▶ [About this task] Return all the entries exactly. No pictures.

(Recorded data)
···

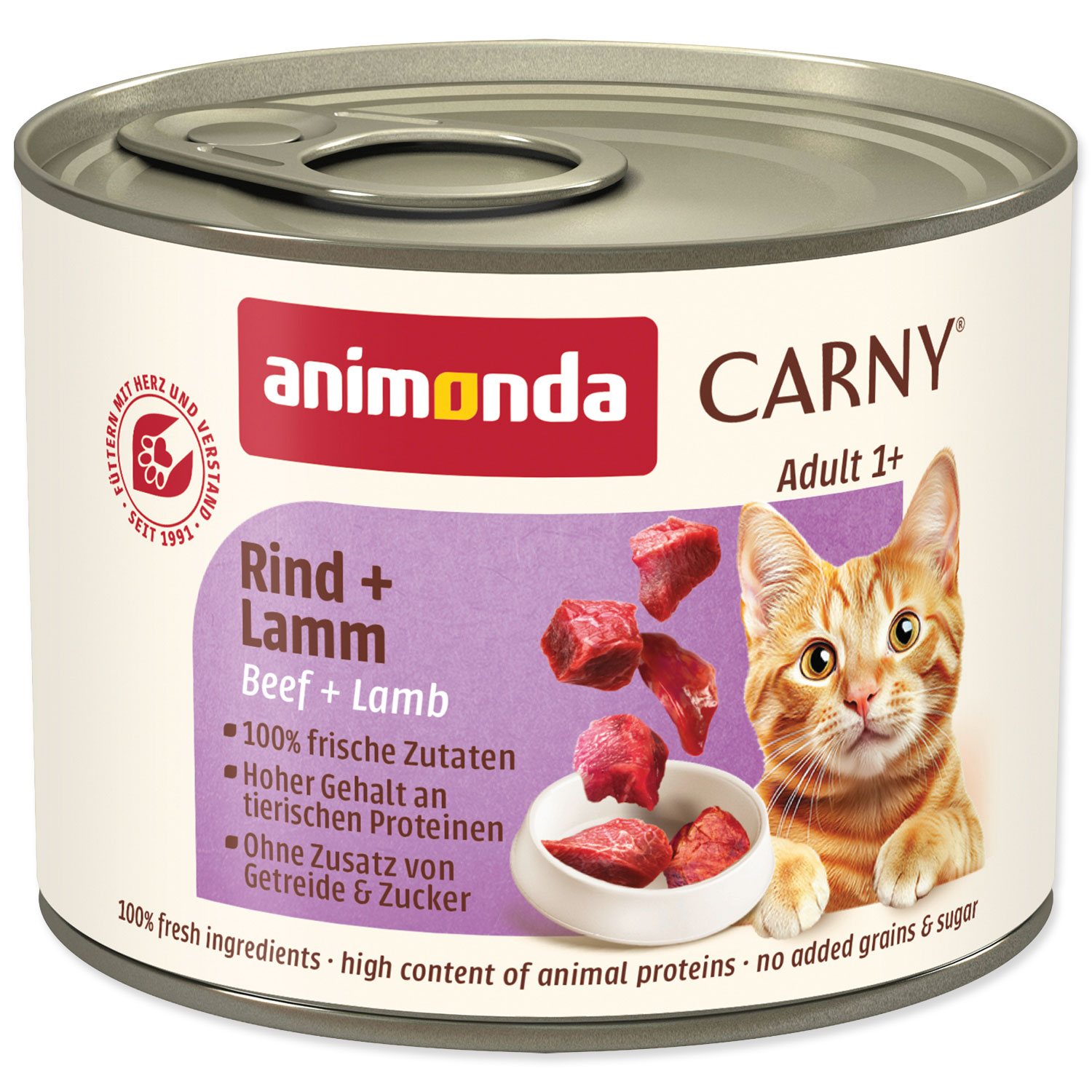 Konzerva s hovězím a jehněčím masem, kompletní krmivo pro dospělé kočky.
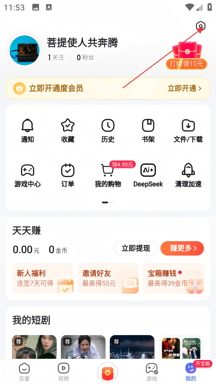3、在“我的”页面,点击右上角的设置图标,进入设置界面。
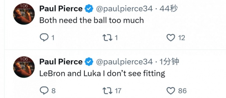 名宿皮爾斯發(fā)推寫(xiě)道:“我認(rèn)為詹姆斯和東契奇不合適,他倆都需要大量持球。”
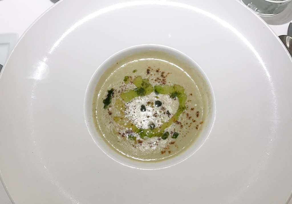 第二道料理是Le velouté de potiron au bacon Pumpkin velvety with bacon「法式蔬菜濃湯」。濃濃稠偏芥末黃的湯品,外層傻上些許巴斯克辣粉還有淋上蔬菜油,我攪拌後,溫熱而飄出濃郁鹹香的氣息。我喝上一口,感受到稠密的滋味。這特別的口感介於一種勻稱,沒有厚重的蔬菜味,淡雅而自然。
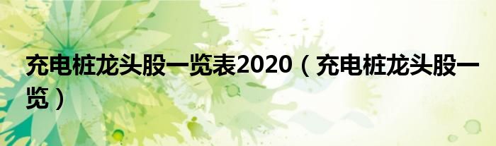 关于充电桩龙头股一览表2020,充电桩龙头股一览这个很多人还不知道,今天菲菲来为大家解答以上的问题,现在让我们一起来看看吧!

···

▶ [Answer]
 Konzerva s hovězím a jehněčím masem, kompletní krmivo pro dospělé kočky.
3、在“我的”页面,点击右上角的设置图标,进入设置界面。
 名宿皮爾斯發(fā)推寫(xiě)道:“我認(rèn)為詹姆斯和東契奇不合適,他倆都需要大量持球。”
 第二道料理是Le velouté de potiron au bacon Pumpkin velvety with bacon「法式蔬菜濃湯」。濃濃稠偏芥末黃的湯品,外層傻上些許巴斯克辣粉還有淋上蔬菜油,我攪拌後,溫熱而飄出濃郁鹹香的氣息。我喝上一口,感受到稠密的滋味。這特別的口感介於一種勻稱,沒有厚重的蔬菜味,淡雅而自然。
 关于充电桩龙头股一览表2020,充电桩龙头股一览这个很多人还不知道,今天菲菲来为大家解答以上的问题,现在让我们一起来看看吧!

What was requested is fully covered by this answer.